Swift Horse saw her determination. He had to prove her wrong. He took her gently by an elbow and began ushering her back toward the trading post. “I will take you and introduce you to One Eye,” he said, stunned when she yanked herself away from him and glared at him, then ran from him.
Marsha was devastated that Swift Horse wouldn’t believe her. There she was, in mortal danger, with the very man who killed her parents and who had looked at her with such hate, at the store, and still Swift Horse wouldn’t believe her.
She hurried back toward the store, alone. Her brother had been too involved in trading earlier to listen to her, and had actually told her not to interfere. But now that no longer mattered. He had to listen to her. She had to make him understand that the man he hated with every fiber of his being was there—so close to them both that he could murder them.
Pushing her way through the crowd, very aware that people were lined up from the door to the counter where she should be helping her brother, Marsha ignored them and went to her brother and took him by an arm and spoke his name.
When he turned and glared at her again, obviously still wanting her to stop interfering, she grabbed him by an arm and half dragged him away from those with whom he was talking trade. She took him to a far corner, then turned him to face her.
“You must listen to me, Edward James,” she said, placing her fists on her hips. “And look.”
She nodded toward the one-eyed man who was still there but this time talking with others, seemingly for the moment forgetting about her. “There he is, Edward James,” she said, her voice trembling as she pointed at him. “Do you see him now? He’s the one I described to you. He’s the one, Edward James. He killed our parents.”
Edward scanned the crowd, then stopped when he saw who she was referring to.
He turned to her, a renewed irritated look in his eyes. “You are mistaken,” he said. “This man is Swift Horse’s best friend, a man who is chief of his Wolf Clan. I have talked often with One Eye. We have also smoked from the same pipe, as friends. One Eye is a rich Creek chief. Why would he have a need to ambush and kill people?”
Marsha stepped closer and spoke into her brother’s face. “An evil man needs no true reason to kill,” she said, her eyes dancing angrily into his. “It is not so much for money. It is for the sheer pleasure—the excitement of the kill.”
“Sis, if you can’t do anything but stir up trouble, I’d rather you stay in the living quarters from now on,” Edward James said. He pointed toward the door that led there. “Go now. Forget your foolish notion of who you think this man is.”
Swift Horse came into the cabin and went to Marsha and Edward James.
“I apologize for my sister,” Edward James said, seeing by Swift Horse’s demeanor that he knew of Marsha’s accusations. “Marsha is mistaken. Marsha, tell him that you’re mistaken,” Edward James said, turning pleading eyes to her.
Finding this so unbelievable, that both her brother and Swift Horse could be so blind and unreasonable, Marsha gave them each an angry stare, then spun around and stamped away. Just as she reached the door that led into the living quarters, she took a look over her shoulder.
Her knees weakened and she felt as though she might vomit when she found One Eye glaring at her with the same contemptuous look that he had given her on the day of the massacre.

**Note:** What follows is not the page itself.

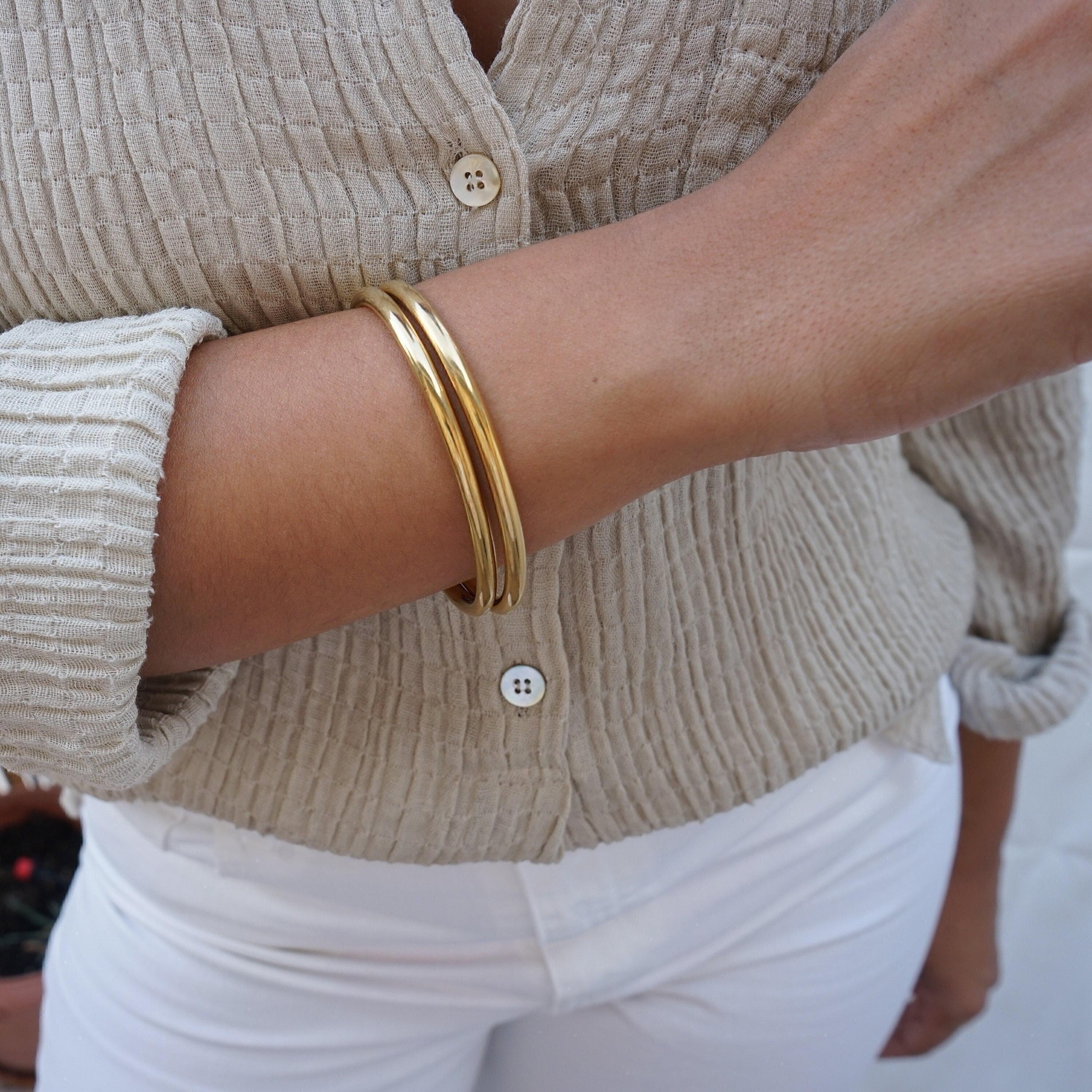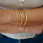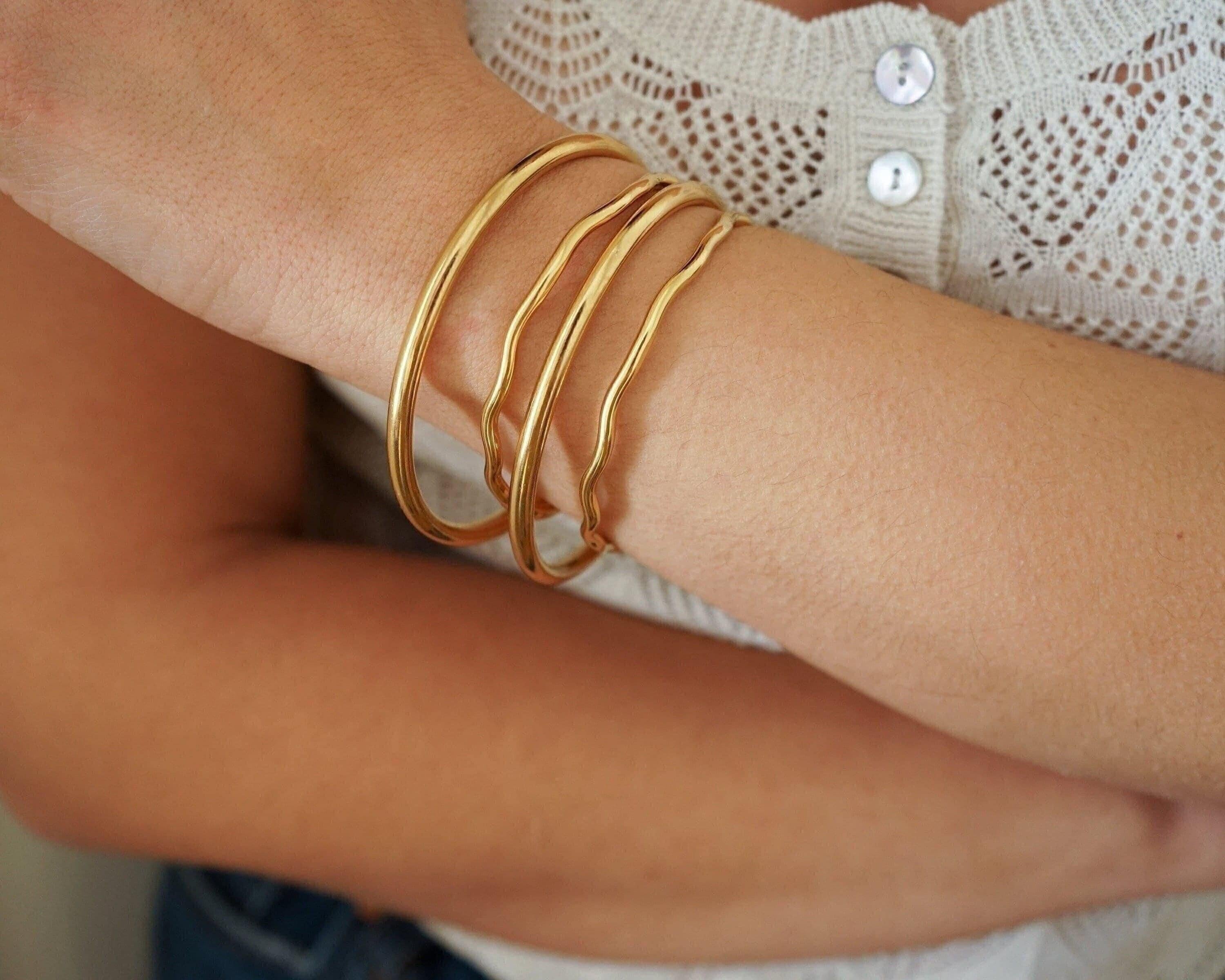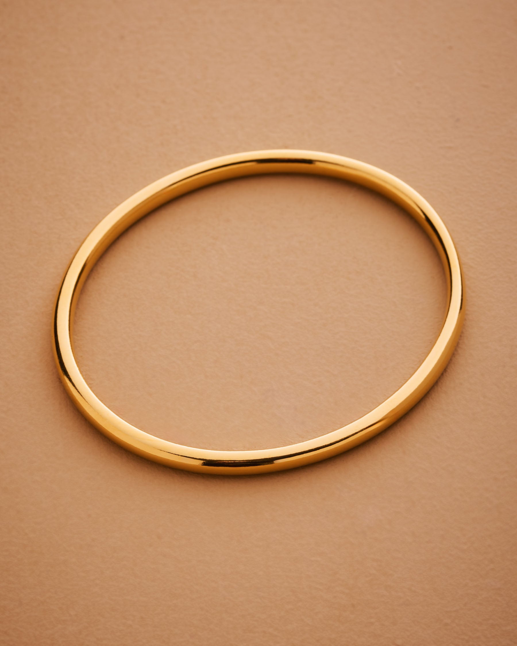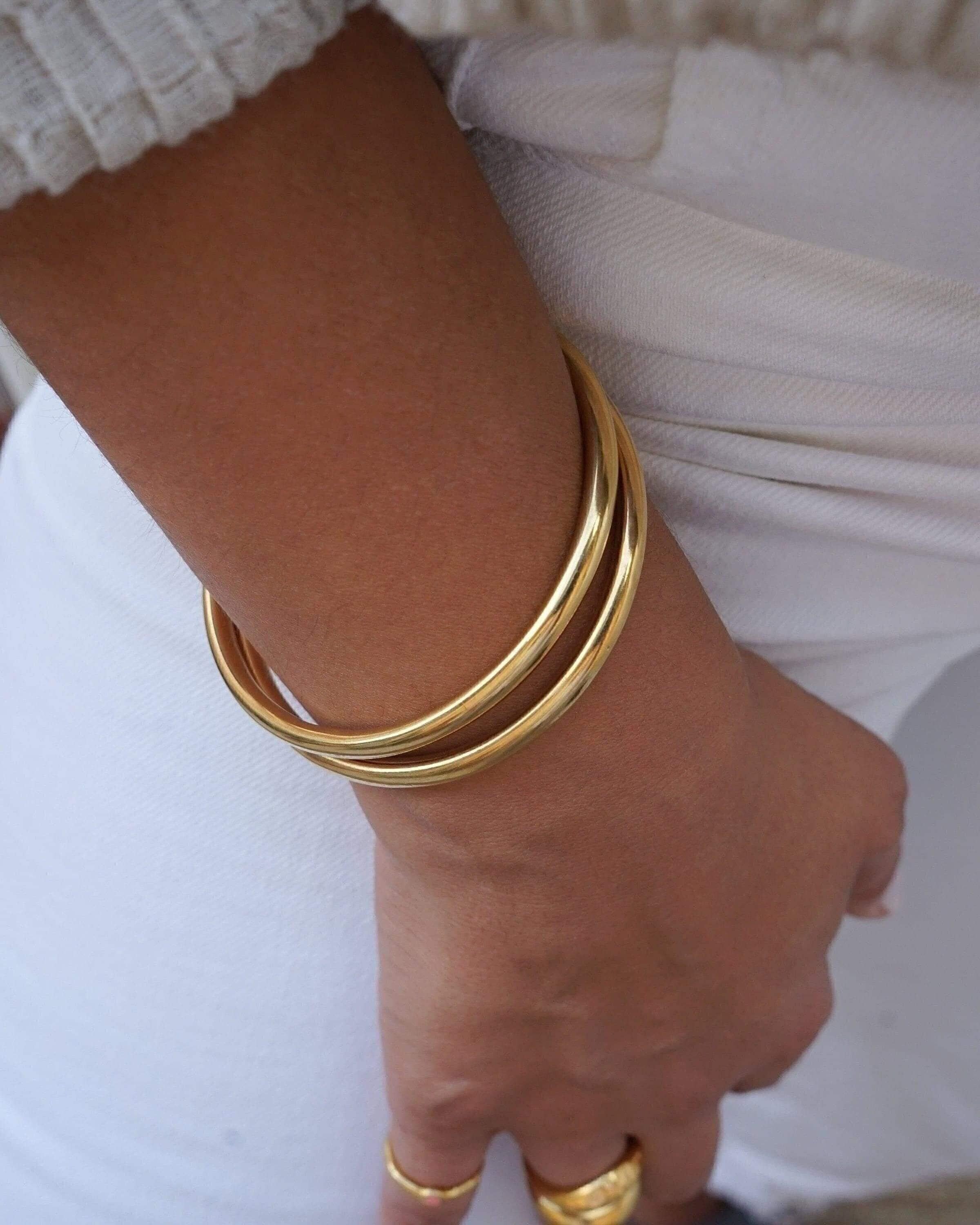 This gold-plated zamak bangle cuff features a sleek and polished design, making it a versatile accessory for any outfit. Its bold yet simple style allows it to be worn alone or effortlessly mixed with other bangles and cuffs for a layered, modern look. A timeless piece that adds a touch of sophistication to your jewelry collection.

Breathless, almost fainting, she hurried into the living quarters and slammed the door and leaned against it. She felt trapped. She must go for help. Someone had to believe her. One Eye must be taken into custody, or she was a woman staring death in the face. And so was her precious brother.
She grabbed a cloak, swung it around her shoulders and tied it, then fled through the back door. She mounted her white mare, White Cloud, and rode away through the forest toward Fort Hill. Surely those in authority there would believe her.
Oh, Lord, she thought to herself. They must believe her, or she didn’t have that much longer on this earth. She knew that One Eye would kill her.
She thought about Swift Horse. How could he be this deceived by such a man as One Eye?
Chapter 8
The Devil had he fidelity,
Would be the finest friend—
Because he has ability,
But Devils cannot mend.
—Emily Dickinson
Determined to get One Eye behind bars, Marsha rode hard on her horse. Her golden hair was flying in the wind behind her, and the skirt of her dress had blown up, fluttering now past her knees. The coolness of the autumn day’s breeze caused her cheeks to burn as she continued on her way.
She snapped the reins against the rump of her steed, sending her white mare into an even harder gallop. “Giddyup, White Cloud!” she shouted. “We can’t let the man go into hiding again! The nerve of him! How could he mingle with everyone as though he is innocent of all wrongdoing?”
She smiled almost victoriously when she thought of how he had behaved when he first caught her looking at him across the room at the store. A keen knowing, intermingled with fear, flashed in his eyes. At that moment he knew that he had been caught, yet...
“Yet then he just glared at me,” she cried. “He didn’t flee.”
She now knew why. He felt confident enough in depending on both Swift Horse and her brother to speak in his behalf.